Iran’s most promising opposition force, the Green Movement, was born last year following a sham presidential election that sapped any last hope that many in Iran harbored for Islamic democracy. The Green Movement, led by members of the Islamic Republic’s own leadership, was groundbreaking in pitting members of the old establishment (clerics and politicians alike) against one another for the first time over what the ideals of Islamic government should be.
Many traditional conservatives now stand in opposition to the exercise of power of the supreme leader, Ayatollah Ali Khamenei, and the president, Mahmoud Ahmadinejad, through military and paramilitary groups. While battle lines are not clearly drawn, it seems that about half of those traditional members of the Islamic Republic’s elite are secretly or openly sympathetic to the Green Movement’s desire to push Iran into a less militarized, more positive direction, albeit still under the mantle of the revolution. These “pragmatists” are also sympathetic to a rapprochement with the United States.
The essential element that any movement for change in Iran needs is legitimacy from within the government and the establishment. Revolutionary change of the type seen in 1979 is very unlikely to happen in Iran without catastrophic implications for the Iranian people. Change must be gradual, and even those resisting change will have to be shown a way to be a part of a new path and atone for their sins. So while the Green Movement chugs on with the support of Iran’s people, what is the role that Washington must play?
Certainly not, as some suggest, to complicate current American diplomatic endeavors with demands for political change in Iran and the amelioration of human rights. Unlike the Iranian pragmatist conservatives, the militarist conservatives currently in power benefit from Iran’s isolation and are happy with more diplomatic stalemate.
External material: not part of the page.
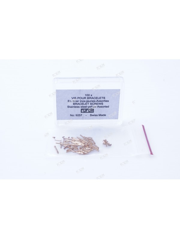 Assortimento di 100 viti in acciaio inox dorate per bracciali di vari diametri e lunghezze. swiss made

Productive diplomatic strategy must then take into account the Iranian psyche and historical context: If history has taught us anything about Iran, it is that meddling in the country’s politics and domestic affairs actually sets the country back when it comes to advancing democracy, only empowering the naysayers. From the ousting of Prime Minister Mohammad Mossadegh in the 1950s to the support for Shah Mohammad Reza Pahlavi, American involvement in Iran’s domestic affairs (sometimes well-intentioned) has left the US with no legitimacy as a preacher of democratic values.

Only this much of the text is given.